> **TASK STATEMENT**
Go to the line containing "audio notes, etc." in the records below and print it and every following line exactly, on through the line containing "THE case for", then stop.

START TASK INPUTS

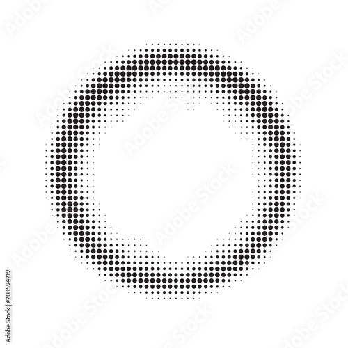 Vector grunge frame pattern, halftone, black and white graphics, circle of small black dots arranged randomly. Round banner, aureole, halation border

END TASK INPUTS
START TASK INPUTS

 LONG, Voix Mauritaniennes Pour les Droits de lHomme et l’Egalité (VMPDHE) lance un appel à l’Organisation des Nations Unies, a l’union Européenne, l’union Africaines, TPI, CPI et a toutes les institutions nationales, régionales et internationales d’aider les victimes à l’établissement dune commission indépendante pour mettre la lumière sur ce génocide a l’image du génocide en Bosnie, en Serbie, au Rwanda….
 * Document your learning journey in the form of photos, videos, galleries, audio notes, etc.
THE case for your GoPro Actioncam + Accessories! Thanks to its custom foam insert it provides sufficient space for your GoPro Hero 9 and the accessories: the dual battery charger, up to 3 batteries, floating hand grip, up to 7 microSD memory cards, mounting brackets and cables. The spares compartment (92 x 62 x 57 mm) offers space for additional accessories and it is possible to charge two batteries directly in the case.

END TASK INPUTS

> **EXERCISE ANSWER**
 * Document your learning journey in the form of photos, videos, galleries, audio notes, etc.
THE case for your GoPro Actioncam + Accessories! Thanks to its custom foam insert it provides sufficient space for your GoPro Hero 9 and the accessories: the dual battery charger, up to 3 batteries, floating hand grip, up to 7 microSD memory cards, mounting brackets and cables. The spares compartment (92 x 62 x 57 mm) offers space for additional accessories and it is possible to charge two batteries directly in the case.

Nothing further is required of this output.